She did ask for opinoins so she deserves what she gets..
On the other hand i know this clube very well and they train there way with great success..

We all train different ways, training is training no matter the sport i do lots of suit work at my sch club, I also have been at ring clubs world wide and have seen them use sleeves..In almost all sports we ask for similair behaviors. YES?NO?..

Why does all costructive topics become a cussing match, WHY?..This is why most high level trainers avoid boards like they are a untreatable disease...

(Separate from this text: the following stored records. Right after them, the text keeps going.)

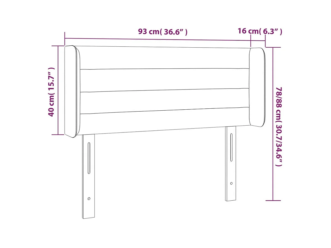 Testiera ad Orecchio Nera 93x16x78/88 cm in Tessuto
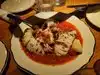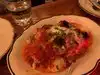 We had the meatballs and calamari as a starter. The calamari where a bit chewy but the meatballs were good. As a main course I had the Spaghetti carbonara, which was OK but not amazing. For the wine we had a bottle of red which was not worth the money we paid. Overall average.
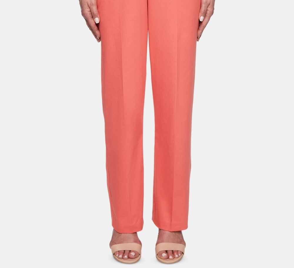 Approx. inseam; 28-1/2|Rise; approx. 9-1/4; relaxed fit through hips and thighs; straight leg|Designed to fit and flatter 5'4 and under frame|Pull-on style|Side-seam pockets|Cotton/polyester/spandex
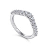 Curved 14K White Gold Shared Prong Diamond Wedding Band
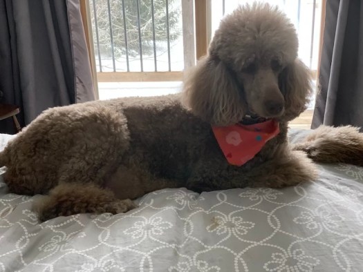Willow and Ellie are the best of friends and have kept each other company throughout their pregnancies but, since Willow had her puppies, she became a protective mama and wouldn’t let any of our dogs in her room. But today Willow let Ellie come into our bedroom to see her puppies. Ellie happily spent the day relaxing on my bed and getting lots of rest. Ellies’ due date is March 13th (Day 63) – Just two days away! The puppies can arrive a few days early or a few days late. Either way, Ellie will soon have a whelping box full of her own babies to care for.
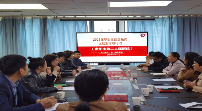 为积极应对当前就业形势,拓宽毕业生就业渠道,进一步推动2025届毕业生就业工作,2024年11月13日-14日公司党委副书记杨洪艳带队就业办、员工科、教务科及毕业年级辅导员前往贵阳市第二人民医院、黔西南州人民医院、兴义市人民医院、安顺市人民医院、贵航302医院开展2025届毕业生访企拓岗促就业专项行动,实习基地相关负责人、全体实习员工参加。
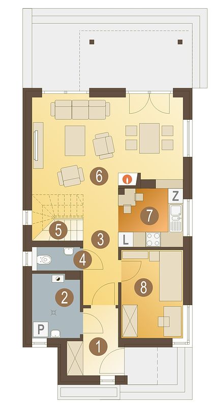 Жилая площадь проекта составляет 87 м², что довольно много для дома габаритами 7х12. Это стало возможным за счет грамотного расположения комнат и продуманного зонирования пространства. Иными словами – каждый метр тут на вес золота. Особое внимание уделено солнечному освещению и тепловым потерям, чтобы зимой в доме было тепло, а летом – прохладно.
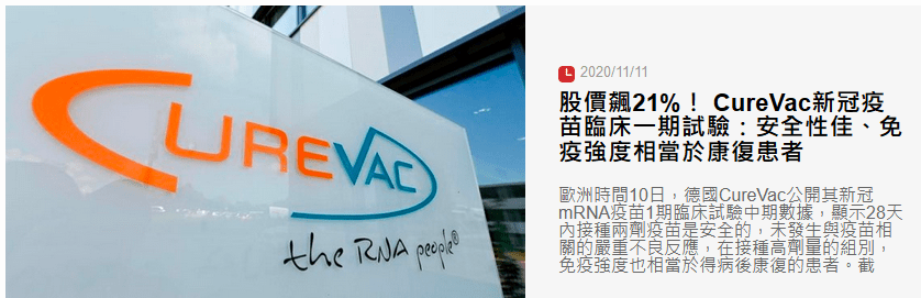 CureVac的新冠疫苗計畫獲得德國政府大力支持,德國政府在8月收購了該公司23%的股份,葛蘭素史克(GSK)也在7月以1.64億美元購買CureVac 10%的股份。CureVac也在8月完成2.13億美元的首次公開發行(IPO)。(https://store.gbimonthly.com/Article/Detail/52514?lang=zh-TW)
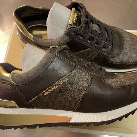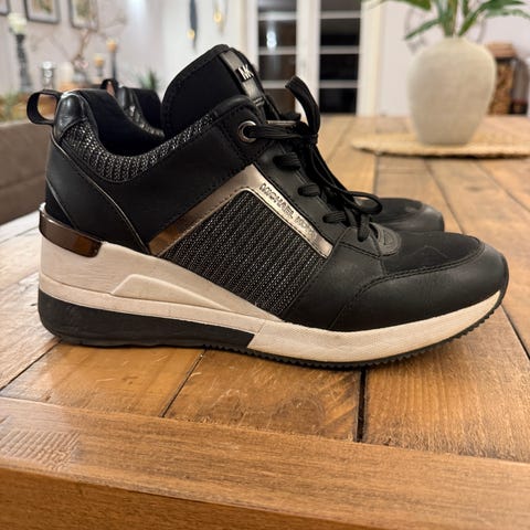 Michael Kors sneakers helt oanvända i sin kartong. Endast provade men fel storlek för mig då de är små stl 39. Passar snarare stl. 37-38. Svart läder och leopard mönster. Mycket snygga!
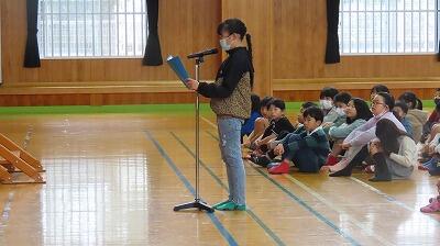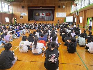今朝はよんみろかいボランティアの皆さんが読み聞かせをしてくださいました。4年生から6年生も楽しく真剣に聞いていましたよ。
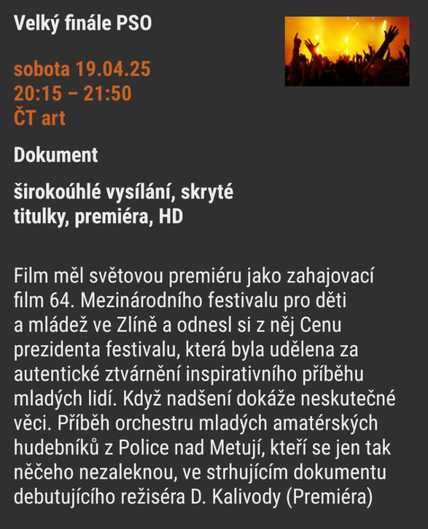 Film Velký finále PSO režiséra, absolventa VOŠ – Akademie Michael zaměření Filmová tvorba, Dominika Kalivody, bude uveden dne 19. 9. 2025 v 20.15 na ČT art – Česká televize. Časosběrný dokument o pozoruhodném hudebním tělese nadšenců z Police nad Metují vznikal 5 let. Je nabitý energií a neutuchajícím entuziasmem protagonistů.
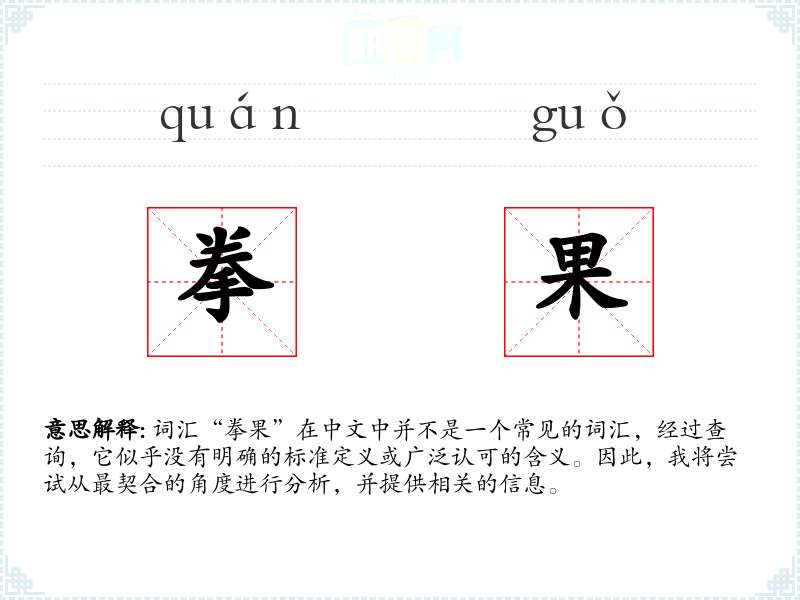 由于“拳果”不是一个标准词汇,我们无法提供一个确切的基本定义。它可能是某个特定领域或方言中的词汇,或者是某个特定社群中的俚语。
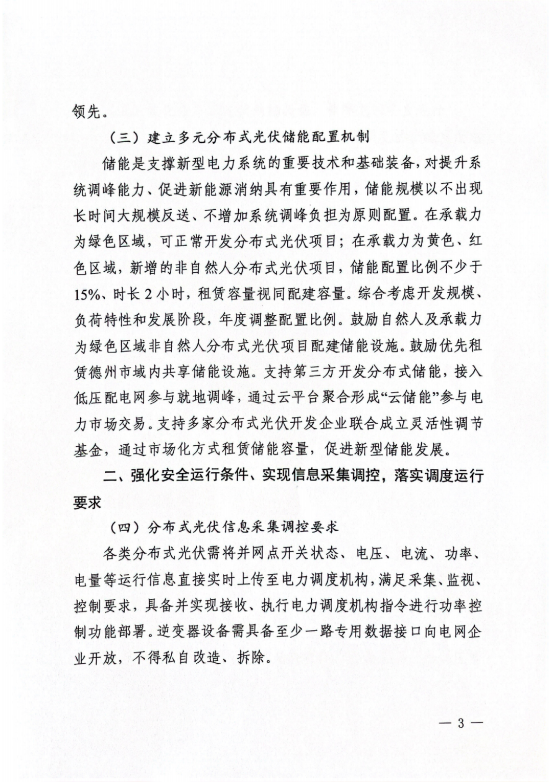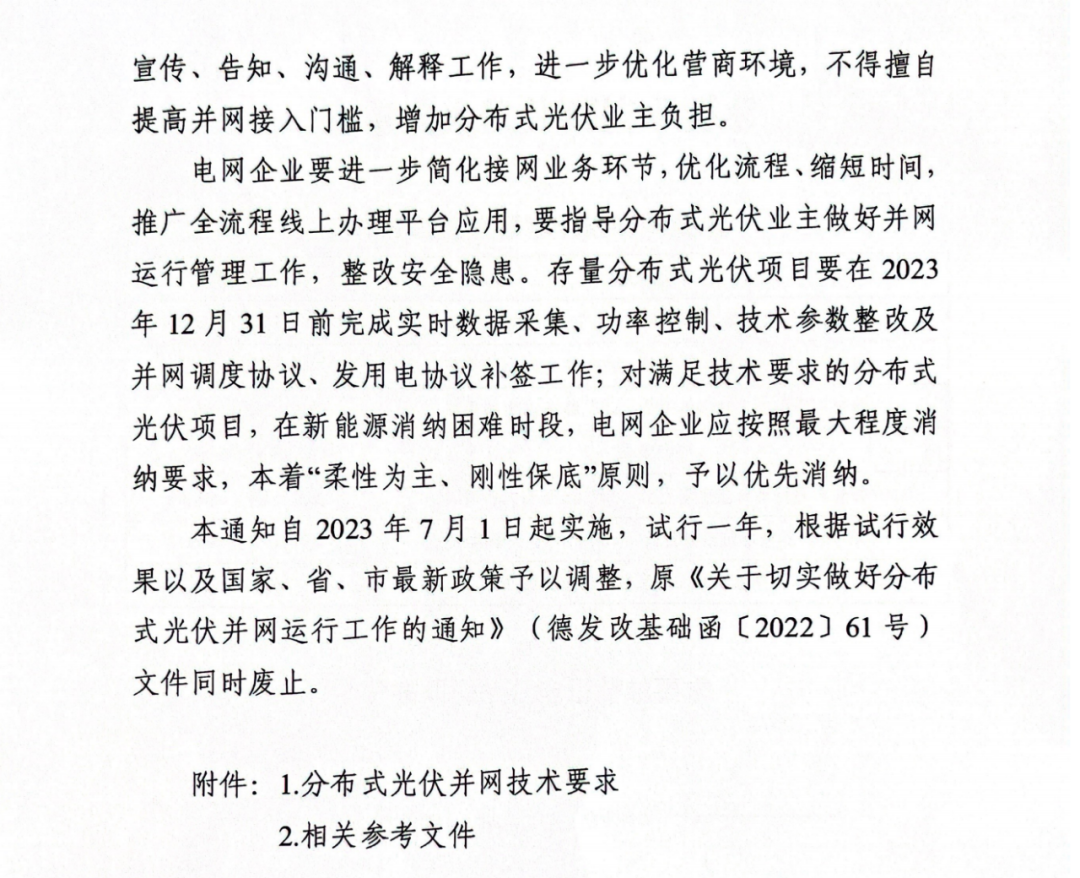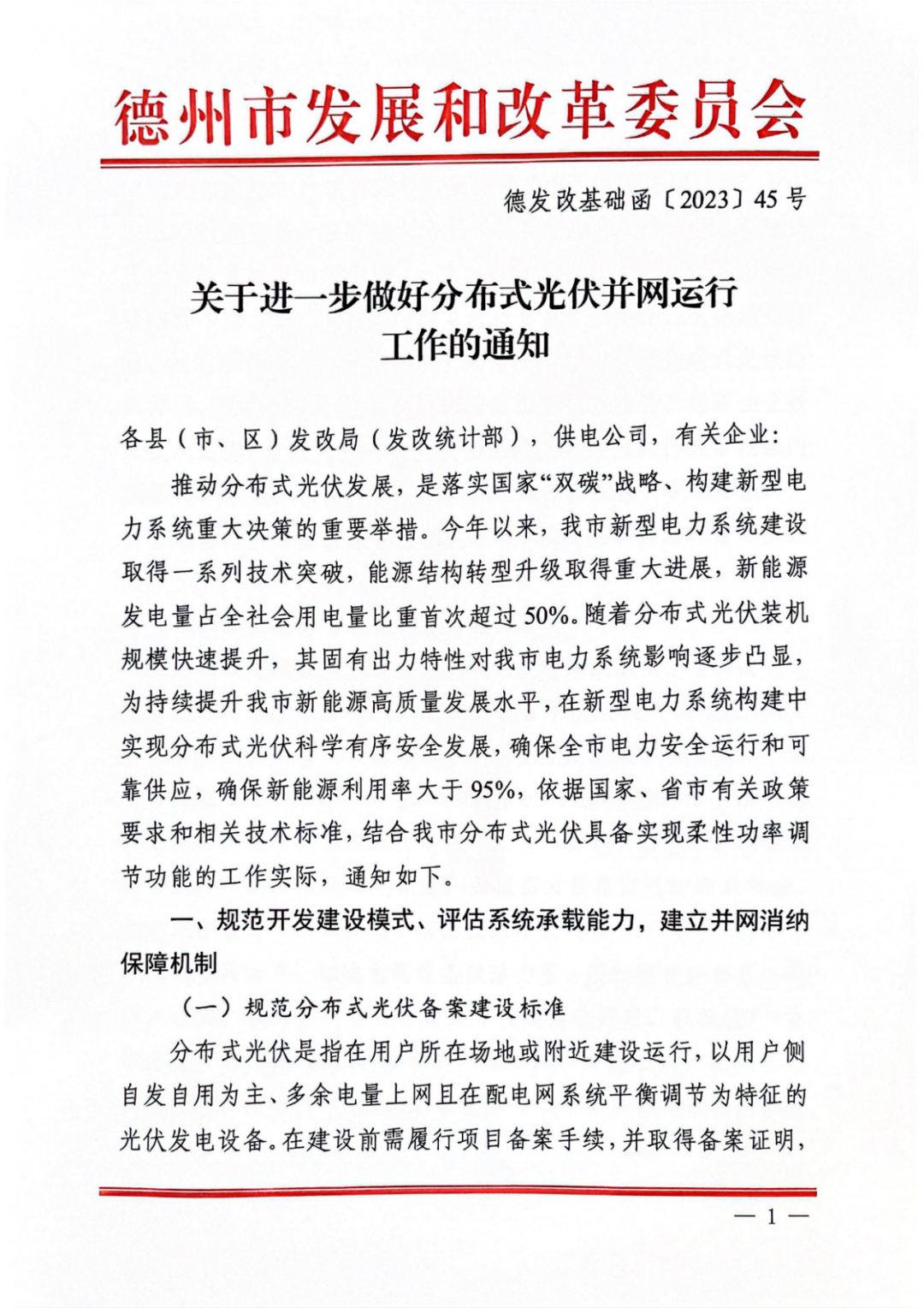 中國(guó)儲(chǔ)能網(wǎng)訊:5月31日,山東省德州市發(fā)改委正式下發(fā)《關(guān)于進(jìn)一步做好分布式光伏并網(wǎng)運(yùn)行工作的通知》(德發(fā)改基礎(chǔ)函〔2023〕45號(hào)),文件將從2023年7月1日起實(shí)施,試行一年。
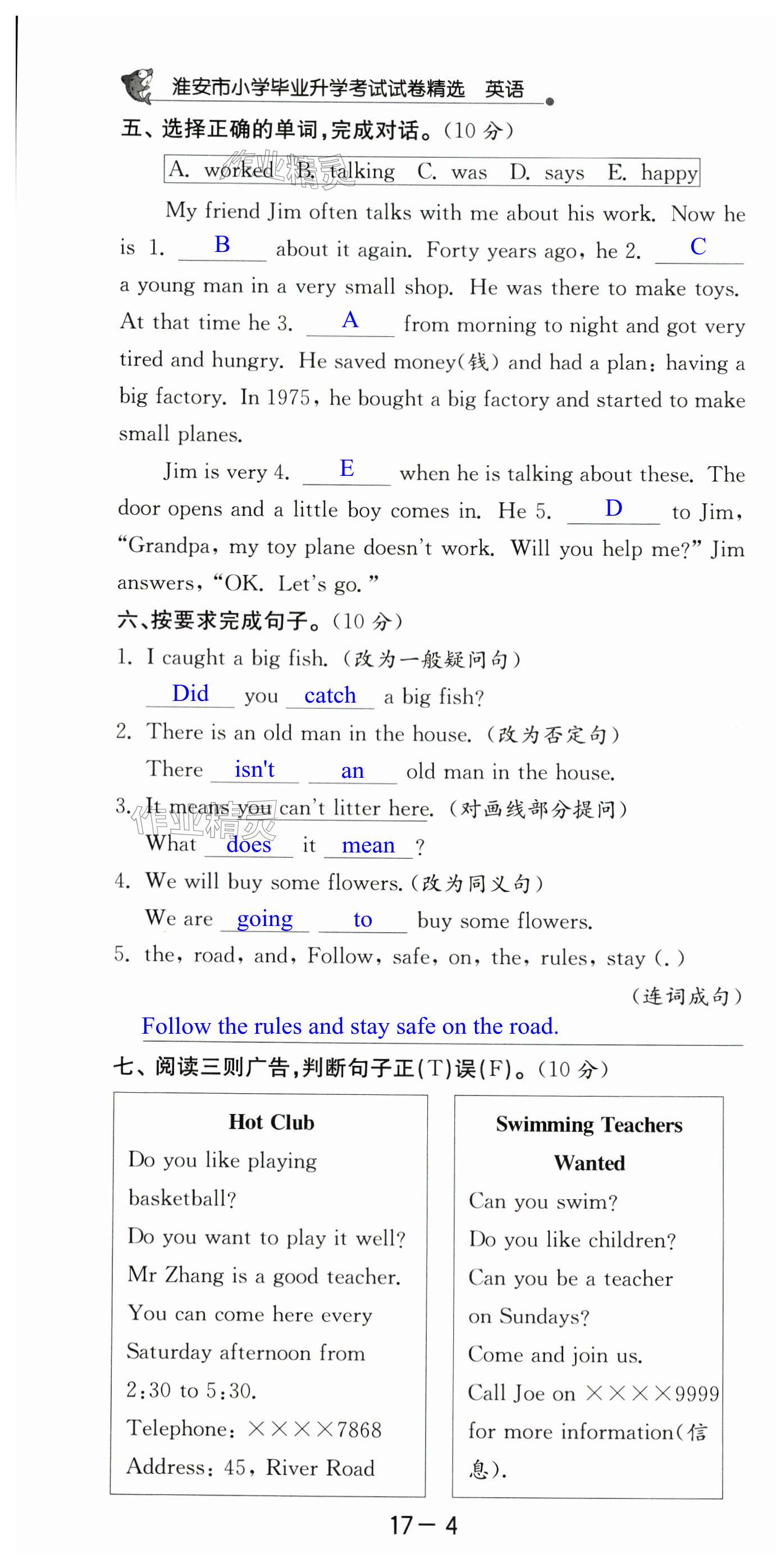 注:目前有些书本章节名称可能整理的还不是很完善,但都是按照顺序排列的,请同学们按照顺序仔细查找。练习册 2024年考必胜小学毕业升学考试试卷精选六年级英语淮安专版 答案主要是用来给同学们做完题方便对答案用的,请勿直接抄袭。
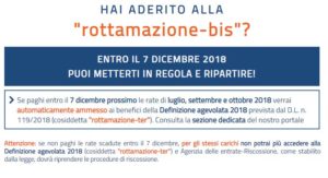 Il saldo delle tre rate costituisce il requisito indispensabile per accedere ai benefici della nuova edizione della definizione agevolata delle cartelle per i carichi affidati all’Agente della riscossione dal 1° gennaio 2000 al 31 dicembre 2017. In caso di omesso, insufficiente o tardivo versamento entro il termine del 7 dicembre 2018 delle rate della “rottamazione-bis” in scadenza nei mesi di luglio, settembre e ottobre 2018, per gli stessi carichi non si potrà più accedere alla “rottamazione ter” e Agenzia delle entrate-Riscossione, come stabilito dalla legge, dovrà riprendere le procedure di riscossione.

On the other hand why do people believe that you can get advice on what to do with your dog on a video..WHY? It is STUPID and in many cases would piss off who you train with..If a club memeber came to me and said Joe Blow said we should do this because he watched a video..I would tell them to go train with them..Training is hands on, must beable to see the dogs eyes ears shoulders tail to determine what to do next..We also let somethings slide to benifit what to do next..This is done HANDS ON..


----------



## Clark Niemitalo (Jan 21, 2009)

Oh Tiffany not an attack on you good luck have fun, Mike and Nate will do what is right for you and Braxton according to there program..

Clark Niemitalo


----------



## Mike Scheiber (Feb 17, 2008)

Jeff Oehlsen said:


> Quote: Prolly I'm guessing
> 
> Quote: "just guessing"
> 
> ...


Things were bad enough at 260 not 240 for the record not sure you know what your talking about a couple of months prior our Sch 1 score was 273 
I'm not so stupid as to tell someone how to fix a problem by there description or video best I got is a guess or a suggestion.
Ain't there a ring section to hang at and dazzle them your brilliance, knowledge and video assessment get wile you can wont be long before they throw the lock on that one too.
JMO best thing WDF has done start the Schutzhund section and lock your dumb ass out maybe we can get some credible lurkers to come in.


----------



## Fathi Shahin (Apr 2, 2010)

Tiffany Compton said:


> Up to this point Braxton's only blind work has been presented to him from directly in front of the blind... This weekend we started with the actual send into the blind on his own as well as working on going from the 5 blind into the 6 blind on Sunday... He's pretty dirty, but we can work on that.
> 
> Suggestions? Opinions?
> 
> http://www.youtube.com/watch?v=zvgYNhgYzB4


On a positive note, well done on at least getting out there and training your dog, I'm sure you will sort out the dogs dirty bits. Keep it up he looks like he has the goods.


----------



## Jeff Oehlsen (Apr 7, 2006)

WOW a Sch one. Do you actually hold the leash for training, or does someone do that for you as well.

As far as deserves what she gets, all she got from me was what I would do. There are all kinds of ways to clean up a dog, sometimes the dog just figures out what the deal is, and cleans up on their own.

To say that you cannot give advice from a video is goofy. I have no idea why "high level trainers" avoid giving someone a different perspective. Could give a shit less. I don't see you offering any advice, are you afraid that delicate will get his panties in a bunch ?? LOL If a trainer is so sensitive that his work cannot be shown on youtube, and a different way of training can not be discussed then **** em.

Mike, nice of you to try and hide behind Clark, but I don't know who he is, and I rarely see him help out here, just bitch about the board. Maybe he should go the way of high level trainers if he cannot offer advice. 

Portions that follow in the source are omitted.